Brasil, ser poliglota vale dinheiro.

Não é necessário levar o assunto tão a peito como Ziad Fazah -

o filho de libaneses nascido na Libéria que chegou ao Guinness Book

por provar que domina 54 idiomas, de albanês a vietnamita - para ser

bem sucedido no mercado de trabalho. Mas falar uma língua além da

língua-mãe é fundamental.

No Brasil, é o tema do momento. Há 60 redes de ensino de línguas

no país, entre elas o grupo Multi, uma franquia líder mundial no

sector com 3500 escolas. Estima-se que perto de quatro milhões de

brasileiros estejam neste momento a aprender uma segunda língua,

quase todos o inglês, movimentando mais de dois mil milhões de

euros ao ano.

O caso não é para menos: o Mundial de futebol e os Jogos

Olímpicos estão a chegar e o Brasil é um dos países em que a

percentagem de falantes de um segundo idioma é menor no mundo

inteiro.
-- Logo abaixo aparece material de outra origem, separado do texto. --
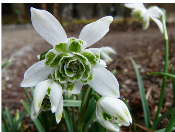
Abb. 13: Galanthus nivalis 'Flore Pleno', Sorte mit gefüllter Blüte (Frankfurt, 04.03.2009,).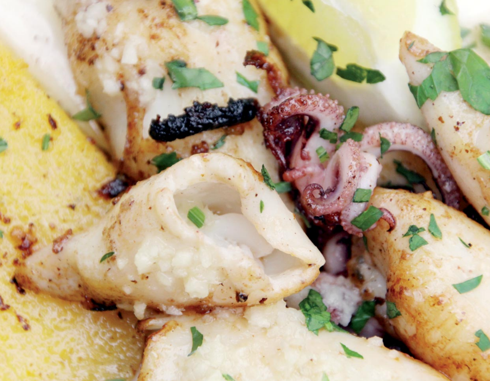
Abb. 3: Als faunistische Besonderheit sind die im Wörthersee-Dreieck nicht autochthonen Kalamari anzusehen.

gegeben werden. Die Verbindung der Institutionen rührt nicht zuletzt daher, dass in den Sammlungen des Landesmuseums durch Belege, Hinweise auf ehemalige, durch den von E.C.O. initiierten GEO-Tag aktuelle und durch naturschutzfachliche Planungen für den Erhalt bzw. eine Verbesserung der zukünftigen Biodiversität in den Fokus gerückt werden können.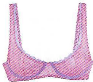
Soutien Iris em renda, €35,90, e cueca Lírio, €23,90, My Intimate by Cantê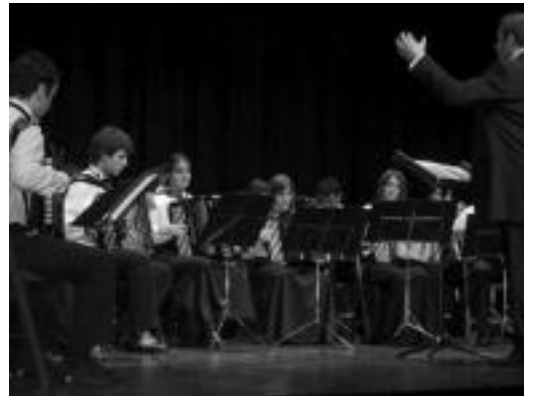
Ekainean eginiko 25. urteurrenaren emanaldia. J. SAIZAR

Gaur izango da, 20:00etatik aurrera, Usabal kiroldegian; 25 urte betetzen ditu aurten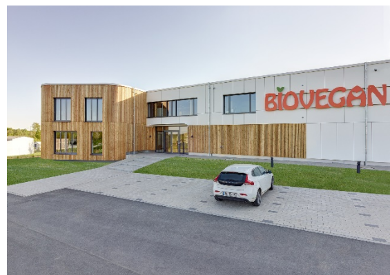
Firmensitz der Biovegan GmbH in Bonefeld (Rheinland-Pfalz)

Ökologisches Engagement ist auch am Firmensitz von BIOVEGAN wiederzufinden. Das nachhaltige Denken und Handeln des Unternehmens, welches BIOVEGAN seit seiner Gründung lebt und ausstrahlt, ist in Bonefeld unverkennbar wiederzufinden. Der Firmensitz in dem ersten ökologischen Gewerbegebiet in Rheinland-Pfalz beherbergt hoch-ökologische Produktions-, Lager- und Verwaltungsstätten. Das Gebäude wurde bereits 2015 mit dem Umweltpreis des Landes Rheinland-Pfalz ausgezeichnet.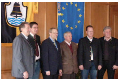
Župan regije Alpsee-Grünten

Potem ko so bili mestni ter občinski svetniki na skupnem informativnem sestanku obveščeni o načrtovani interesni skupnosti, je bilo sprejemanje sklepov s strani mestnih in občinskih svetnikov o sestavi osnutka statuta naslednji predvideni korak k razvoju skupnega menedžmenta gospodarskih površin v regiji Alpsee-Grünten. Mesto Immenstadt pa je z osmimi glasovi za ter štirinajstimi proti zavrnilo načrtovani skupni menedžment gospodarskih površin. Razlogi za to odločitev mestnega sveta Immenstadt so bili med drugim »optimalna« izraba površinskih potencialov pri prenosu kompetenc ter v povezavi z nezaupanjem v skupno interesno skupnost. Ti izraženi pomisleki

De acordo com o Eurobarómetro, apenas 2% dos

brasileiros falam outro idioma além do português - abaixo de

qualquer BRIC e esmagadoramente atrás de Portugal, por exemplo, onde

42% da população comunica numa outra língua.
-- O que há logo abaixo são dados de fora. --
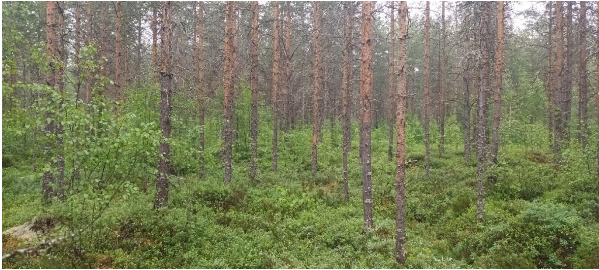
Kuva 4-3. Sähköaseman S1 alue on puolukkaturvekangasta.

kanerva, variksenmarja, metsäkastikka ja maariankämmekkä. Pohjakerroksessa kasvaa seinä-, kangasrauhka- ja kangaskarhunsammal.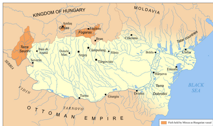
Valakiets beliggenhed mellem Ungarn og det Ottomanske Imperium

http://www.nielskpetersen.dk/vladtepes.php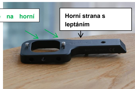
Fot. 2. Vyhovující zařízení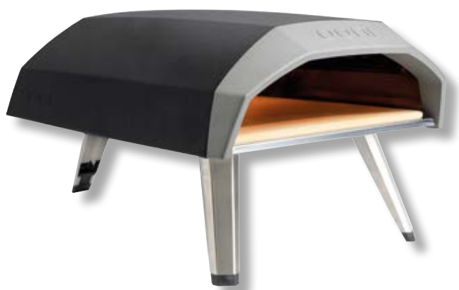
Ooni Koda forno portatile a gas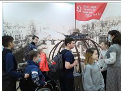
Посещение музея Посещение городского музея с клубом молодых инвалидов "Шанс"

Информация из этого раздела будет доступна для посетителей сайта оценка.гранты.рф (в том числе для представителей СМИ).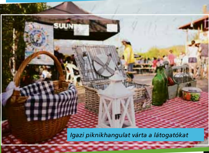
Igazi piknikhangulat várta a látogatókat

Április 25-én szombaton, csodaszép, napsütéses tavaszi délutánon rendezték meg a II. Hidegkúti Családi Pikniket, amelyhez a helyszínt – folytatva a tavaly megkezdett hagyományt – ismét a Geli Lakberendezési Ház biztosította.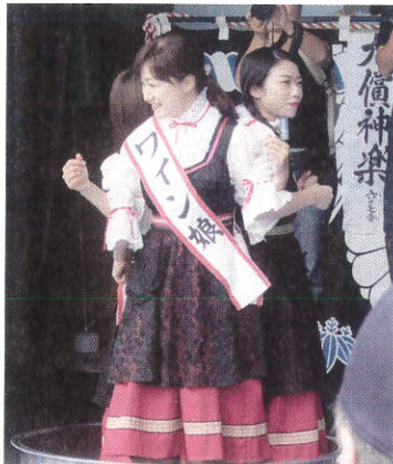
大迫ワインまつり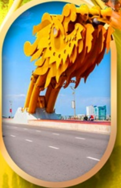
สะพานมังกรดามัง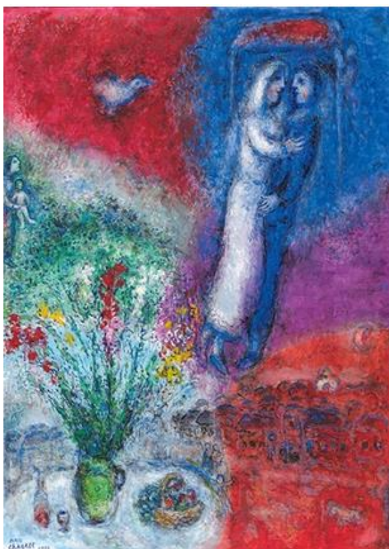
Marc Chagall, Les mariés , 1979, détrempe sur masonite, 110 x 80 cm.

- DU 5 DECEMBRE 2014 AU 20 JANVIER 2015 -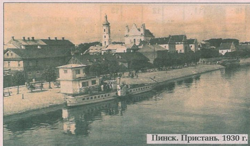
Пинск. Пристань. 1930 г.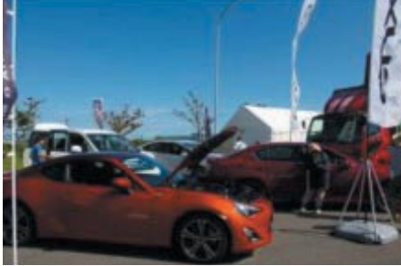
話題の86をはじめとしたラインナップはTOYOTAブース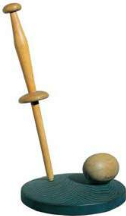
Nit de lluna , de Leandre Cristòfol (Barcelona, MNAC)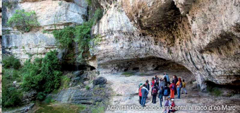
Activitat d'educació ambiental al racó d'en Marc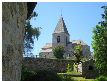
Église de Termes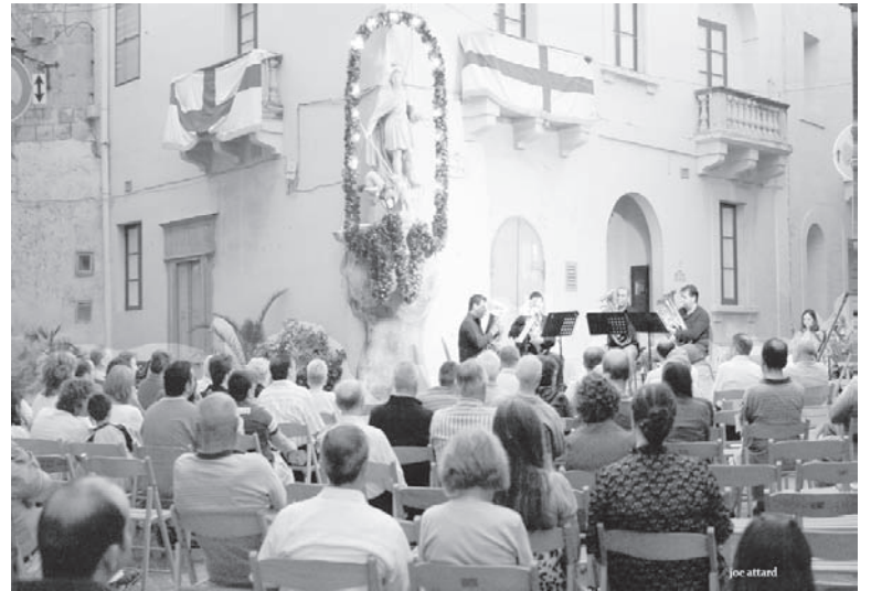
Waħda mill-attivitajiet li saru fil-Pjazzetta San Ġorġ tal-Ħaġar, ir-Rabat.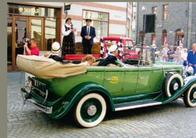
En av de flotte lokale skyssvognene fra 20-tallet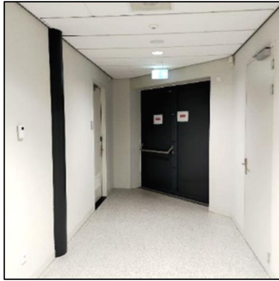
Nooduitgang van binnenuit gezien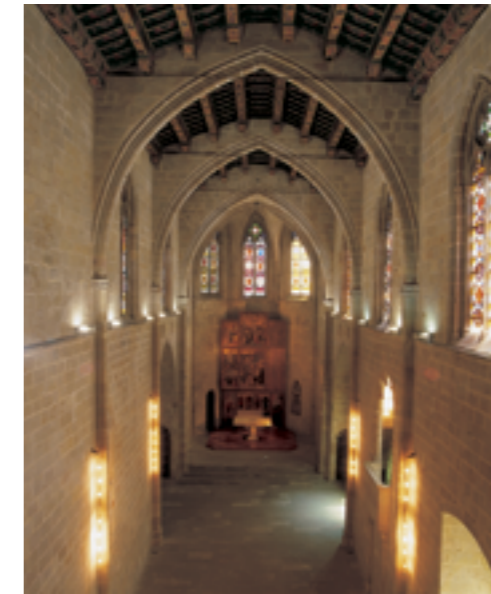
Capella de Santa Àgata del Palau Reial Major. Al fons, Retaule del Conestable o de l'Epifania, de Jaume Huguet (1450).

Les reformes de Pere el Cerimoniós i altres de posteriors, i l'enderrocament de l'avantcambra al segle xix (l'actual és una reconstrucció historicista del segle xx), han deixat com a únic testimoni de la primitiva obra gòtica de Jaume II la Capella Reial, coneguda actualment com a Capella de Santa Àgata. Aixecada sobre la muralla romana entre 1302 i 1318, hi destaquen la coberta de fusta policromada i el Retaule de l'Epifania , pintats als anys seixanta del segle xv per Alfonso de Còrdova i Jaume Huguet, respectivament, a petició del nou rei, Pere de Portugal. Tancada al culte l'any 1835, va ser el primer edifici considerat monument nacional (1866) i va acollir el Museu Provincial d'Antiguitats entre el 1877 i el 1932.

Dilma Rousseff, que fala português e arranha mais uns quantos

idiomas entre os quais o búlgaro paterno, tem uma paixão à la

Guterres: a educação. À presidente do Brasil não basta que o seu

país seja uma potência económica, isso seria inevitável mais dia

menos dia - quer fazer dele uma potência tout court. Para encurtar

o longo caminho - estima-se em três gerações - que separa o

Brasil, país rico, do Brasil, país rico e inteligente, vai

estimulando os melhores alunos a emigrarem para voltarem experientes,

enriquecidos e, antes de mais, bilingues.
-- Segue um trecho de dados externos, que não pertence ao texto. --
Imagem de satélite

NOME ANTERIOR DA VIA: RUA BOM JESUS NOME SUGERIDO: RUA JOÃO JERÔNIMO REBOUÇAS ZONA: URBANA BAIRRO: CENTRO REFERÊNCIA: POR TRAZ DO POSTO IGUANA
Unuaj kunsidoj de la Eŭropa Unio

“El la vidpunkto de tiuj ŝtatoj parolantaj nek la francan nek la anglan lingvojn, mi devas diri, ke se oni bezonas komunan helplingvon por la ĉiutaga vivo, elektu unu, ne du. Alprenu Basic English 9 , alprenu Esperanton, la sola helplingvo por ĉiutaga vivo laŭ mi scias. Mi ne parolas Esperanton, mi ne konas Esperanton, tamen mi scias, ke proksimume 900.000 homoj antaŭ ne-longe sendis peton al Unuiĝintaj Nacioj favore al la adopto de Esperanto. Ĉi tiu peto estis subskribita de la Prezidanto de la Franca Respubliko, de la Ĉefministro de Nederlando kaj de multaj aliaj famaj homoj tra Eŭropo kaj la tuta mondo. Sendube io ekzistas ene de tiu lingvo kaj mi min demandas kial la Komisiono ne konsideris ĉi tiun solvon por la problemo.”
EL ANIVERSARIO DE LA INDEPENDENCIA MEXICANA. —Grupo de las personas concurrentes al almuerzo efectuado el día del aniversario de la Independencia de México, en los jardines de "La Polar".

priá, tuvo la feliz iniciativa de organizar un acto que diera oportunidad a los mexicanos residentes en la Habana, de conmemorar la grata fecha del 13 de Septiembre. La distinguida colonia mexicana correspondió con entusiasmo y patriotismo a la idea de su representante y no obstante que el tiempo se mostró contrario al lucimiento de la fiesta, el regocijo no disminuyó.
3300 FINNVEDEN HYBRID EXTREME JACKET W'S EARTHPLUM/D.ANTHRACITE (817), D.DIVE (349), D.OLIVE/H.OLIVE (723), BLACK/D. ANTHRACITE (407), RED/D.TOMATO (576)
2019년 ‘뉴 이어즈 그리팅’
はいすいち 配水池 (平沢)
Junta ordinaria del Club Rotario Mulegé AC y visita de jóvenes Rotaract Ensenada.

Mas três gerações é de facto um longo caminho. Os alunos que

não ganham bolsas de estudo - isto é, quase todos - continuam

entregues a um ensino público tão medíocre que, ao que consta, nem

os professores de inglês dominam o inglês. A prática da dobragem

de filmes e séries também não ajuda e está longe do fim - as

novas grelhas das redes a cabo anunciam mais e mais dobragens a

partir do slogan assustador de que "em português o filme fica mais

gostoso". E com tudo isso a aprendizagem do inglês reduz-se a

pequenos grupos - o dos tais bolsistas e o dos quatro milhões (num

universo de 200) que têm dinheiro para pagar uma rede de ensino

paralela.

Para se ter uma ideia da importância de falar outras línguas no

Brasil, basta dizer que aquele tal Ziad Fazah do início do texto

escolheu o Rio de Janeiro para viver e vai enriquecendo a dar aulas

de inglês, alemão, francês, dinamarquês e sueco à elite carioca, além de acumular um part-time na polícia federal do Aeroporto

Internacional do Rio a identificar a nacionalidade dos emigrantes

ilegais. Não precisa de dominar baluchi, butanês, quirguiz ou

papiamento como ele, mas se é um dos muitos portugueses que sabe

inglês tem uma vantagem no mercado de trabalho garantida em relação

à maioria dos nativos. Think about it.